W Gorzowie pracę może stracić nawet 15 nauczycieli
Do magistratu trafiła petycja w obronie nauczycielki z SP13. Kobieta ma stracić pracę z powodu... reformy edukacji. Zagrożonych jest więcej.
„To jedna z najbardziej wyjątkowych osób tworzących atmosferę szkoły, ale przede wszystkim autorytet dla naszych dzieci. Stanowczo nie zgadzamy się z decyzją o zwolnieniu” - piszą rodzice i pracownicy oświaty w piśmie do prezydenta Jacka Wójcickiego. To apel, w którym bronią posady jednej z nauczycielek z podstawówki nr 13 przy ul. Szwoleżerów.
Momentami pismo jest emocjonalne, bo o wychowawczyni rodzice piszą: „reprezentuje postawę Prawdziwego Nauczyciela, który przekazuje wiedzę, który jest powiernikiem sekretów, który jest przyjacielem, wsparciem, silnym ramieniem czy „chusteczką”, która ociera łzy naszych dzieci” - czytamy dalej.
Ustaliliśmy, że chodzi o panią, która uczy pierwszą klasę. Co ciekawe, szkoła wcale jej nie zwalnia, a jedynie... nie zamierza przedłużyć kończącej się 31 sierpnia umowy. - W związku z reformą edukacyjną i mniejsza liczą przyszłych pierwszoklasistów, musimy zmniejszyć liczbę nauczycieli - wyjaśnia „GL” dyrekcja SP 13.
A dyr. miejskiego wydziału edukacji Eugeniusz Kurzawski tłumaczy, że to jedyne wyjście. - Szkoły muszą dostosować liczbę nauczycieli do zmniejszonej od września liczby klas pierwszych. Placówki nie mogą zwolnić nauczycieli z umowami na czas nieoznaczony, więc ratują się nieprzedłużaniem umów, które kończą się 31 sierpnia. To bolesne, ale konieczne - mówi urzędnik.
Wyjaśnia, że na umowach czasowych jest w Gorzowie 30 nauczycieli. Z symulacji magistratu wynika, że od września około 15 z nich może nie mieć pracy w dotychczasowej szkole. Skąd te „około”? - Wynika to z faktu, że niektórzy nauczyciele mogą wziąć urlop zdrowotny i wtedy będzie potrzebne zastępstwo. Dlatego dopiero pod koniec sierpnia będziemy znać wszystkie liczby - dodaje dyr. Kurzawski.
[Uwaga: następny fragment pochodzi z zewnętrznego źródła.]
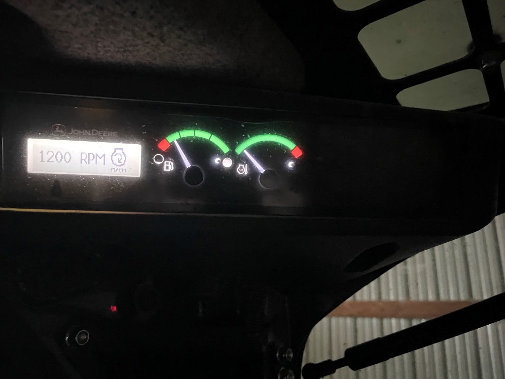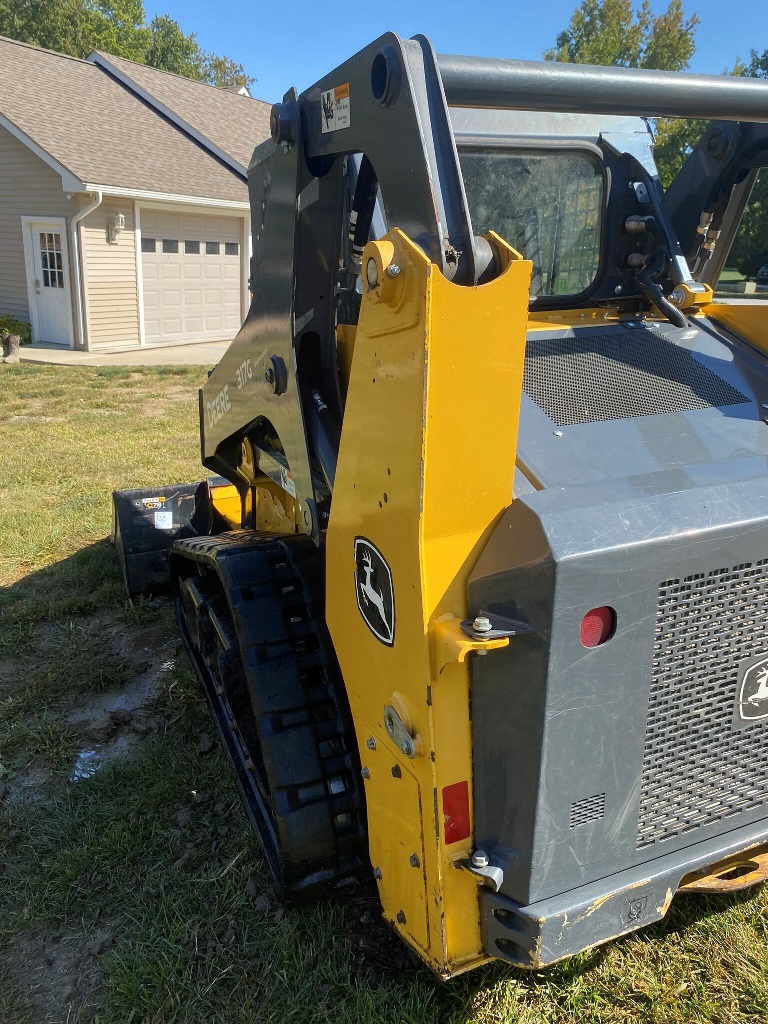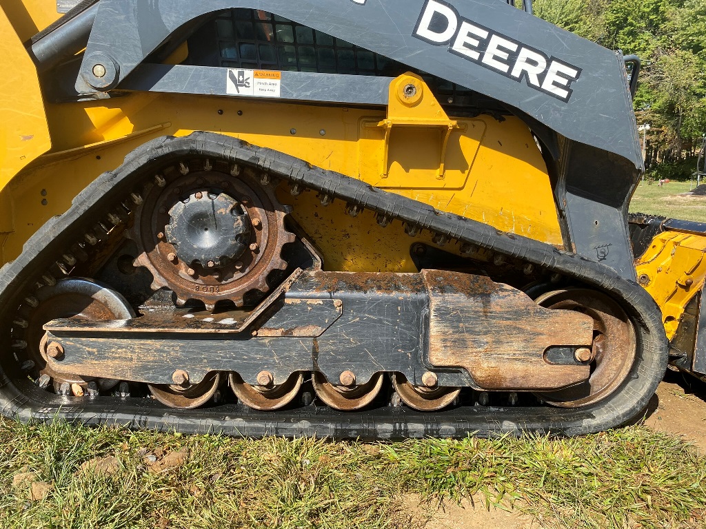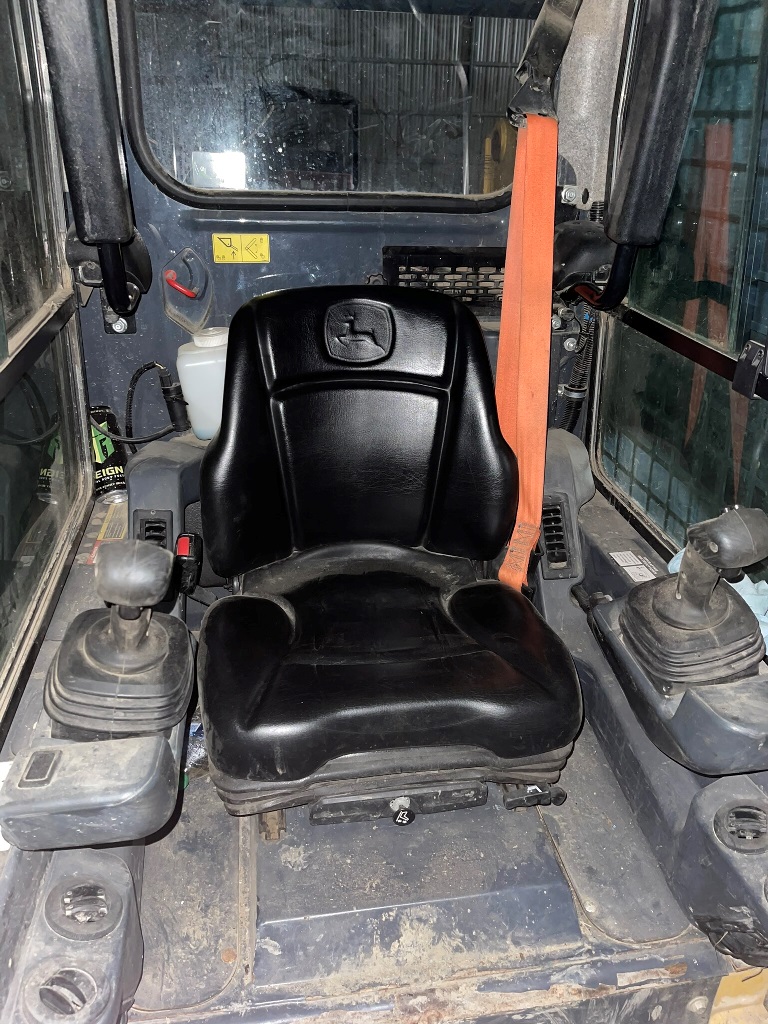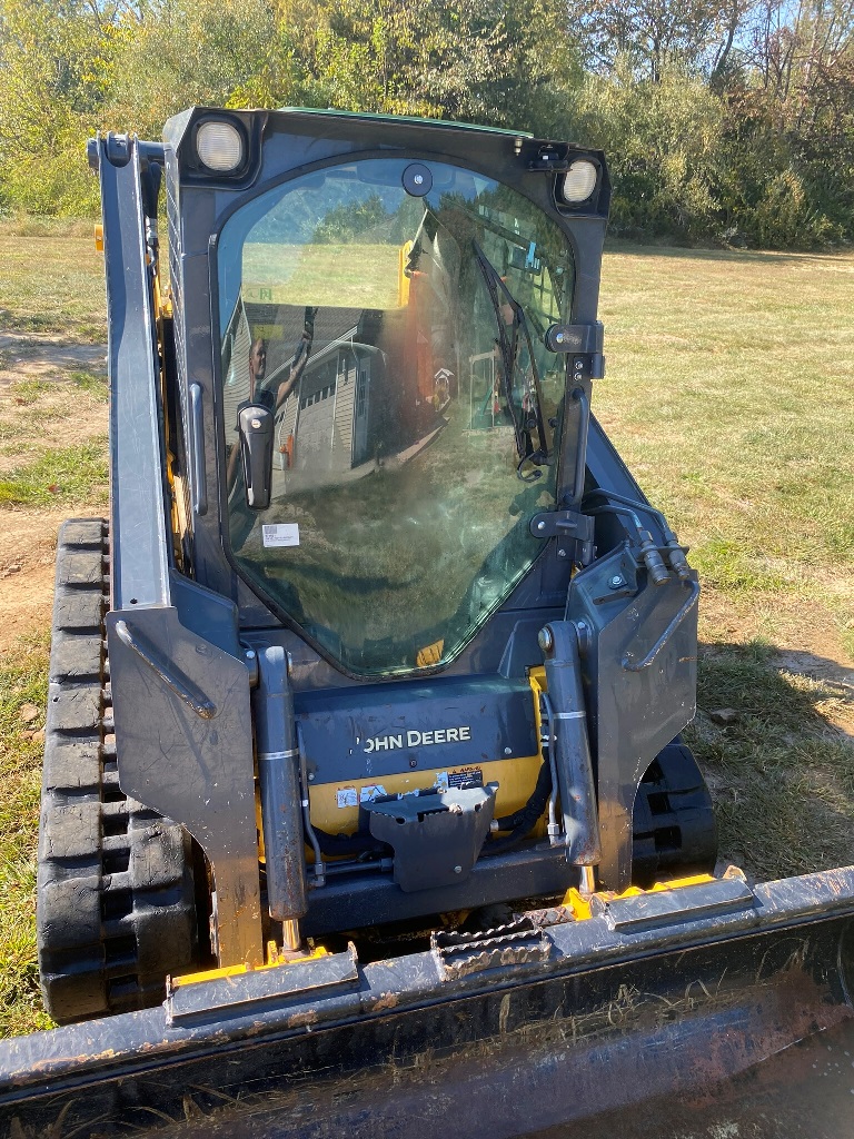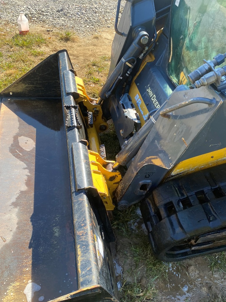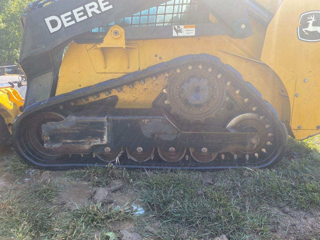 2016 John Deere 317G Skid Loader (LD1258), diesel engine, joystick pilot controls, auxiliary hydraulic hookup, air ride seat, air conditioning, heat, smooth bucket included, shows 877 hours.

Przypomnijmy: zwolnienia nauczycieli to efekt zmian systemu edukacji: zniesiono obowiązek szkolny dla sześciolatków, więc wiele z nich zostanie o rok dłużej w przedszkolu, zamiast pójść do podstawówki. W efekcie zamiast 1.800 pierwszaków (jak było we wrześniu 2015 r.) w Gorzowie po wakacjach będzie ich nieco ponad 400 (dane z zapisów na 20 maja).